We returned home for the holidays, and there's a whole novel in that somewhere, but one I'm not inspired to write.

Instead, here's a thing. My mother's driving scares me.

I don't mean she's reckless, or a speeder, or one of those strange beasts who seem to feel it necessary to tailgate you when you are one of only two cars on the street, the other being the one who is irrationally jammed up just behind you like he's harboring indecent thoughts about your trunk space, if you know what I'm getting at. I mean that she's scary, as in she's frightening. Last year, this was evidenced in a creative disdain for the minimum speed limit. Not the maximum, mind. The minimum. On a 60 MPH freeway, she would putter happily along at a comfortable 50.

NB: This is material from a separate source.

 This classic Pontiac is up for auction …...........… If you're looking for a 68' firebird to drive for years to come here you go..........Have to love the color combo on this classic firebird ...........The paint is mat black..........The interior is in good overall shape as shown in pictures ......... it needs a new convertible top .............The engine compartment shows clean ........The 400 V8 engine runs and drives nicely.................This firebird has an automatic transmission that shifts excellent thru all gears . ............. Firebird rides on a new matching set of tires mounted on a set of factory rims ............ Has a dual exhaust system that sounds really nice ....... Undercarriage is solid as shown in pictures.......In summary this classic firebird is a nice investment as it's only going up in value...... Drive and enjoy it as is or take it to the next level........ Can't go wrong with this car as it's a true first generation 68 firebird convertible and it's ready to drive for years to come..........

This time, we discovered that she's added a new trick to her repertoire. She stops to read street signs.

No, I don't mean she reads the street signs. I mean she stops to read street signs.

You heard me.

Stops.

The car.

Mom doesn't read English very well. She reads it slowly. She feels it is irresponsible for her to read and drive at the same time. Other people would just not read the signs. She stops the car. This, for some reason, causes a little hysteria in her passengers.

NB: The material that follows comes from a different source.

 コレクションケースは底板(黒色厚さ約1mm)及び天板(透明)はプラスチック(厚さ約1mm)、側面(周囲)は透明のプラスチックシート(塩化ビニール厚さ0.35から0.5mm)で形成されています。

I'm sorry. Did I remember to mention that she does this on the freeway, too?

"What are you doing? Oh my God. WHAT ARE YOU DOING?!"

"Exit ... 6. What does that sign say? Sun-- sunset? Street."

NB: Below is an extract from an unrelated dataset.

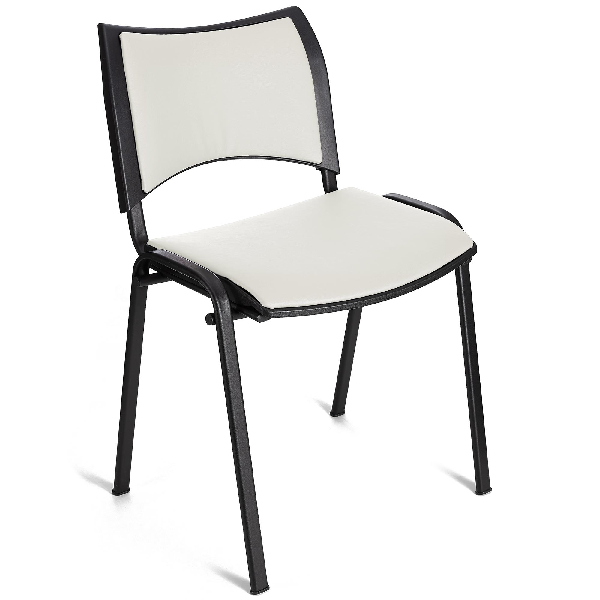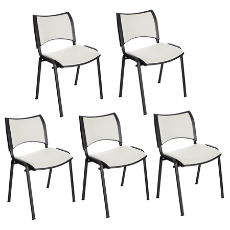 Sæt Med 5 Konferencestole ROMEL LÆDER, Behageligt Polstret, Stabelbare, Sorte Ben, I Hvid

"Mom, you can't stop. You're on the freeway. Mom, speed up. Oh my God. SPEED UP!"

"Yuuuuuhri. Do you want me to cause accident? I am reading."

Stops are also useful for deciding what to do next. For instance, deciding whether to park in this parking lot, or that parking lot. Half-in, half-out of the parking lot driveway, the entire back end of the van thrust cheekily out to block a major thoroughway, my mother pauses to decide whether she wants to pay $6 for parking.

"What to do. What to dooooo?"

"Mom?"

"Hm. We park here, maybe. Except it is raining."

"Uh, Mom. There are cars--"

"Do I have umbrella? Is there umbrella in the back?"

"--trying to get past, and you're--"

"Maybe there is other parking lot. It is raining."

"--blocking the ... oh my God, don't back up."

"What do we do? Hm."

Argument fails to make an impression. She is as teflon. By the end of the visit, we were numb. Stop on I-5? Sure, why not. Crane to look at a Christmas tree and veer ever-so-gently into the median? Whatever.

"Mom," I said gently during the car ride home from Sea-Tac. "Your driving is a little dangerous, isn't it?"

Her eyes grow round, dark, and shiny as marbles. "Me? I don't think so. I am the safest one. I have no accidents."

And then she slowed down to look at construction beside the I-5, while Barbara Bush zipped by us at a brisk 50 MPH.

***

"You know what your mom is?"

"What?"

"She's like that butterfly. You know, sometimes I'm driving to work and the traffic just stops dead, and a hundred yards later it just starts flowing again without any explanation. That's your mother, a thousand miles up in Seattle, flapping her wings."

"The Shanghai--"

"Yeah, the Shanghai Butterfly. That's your mom."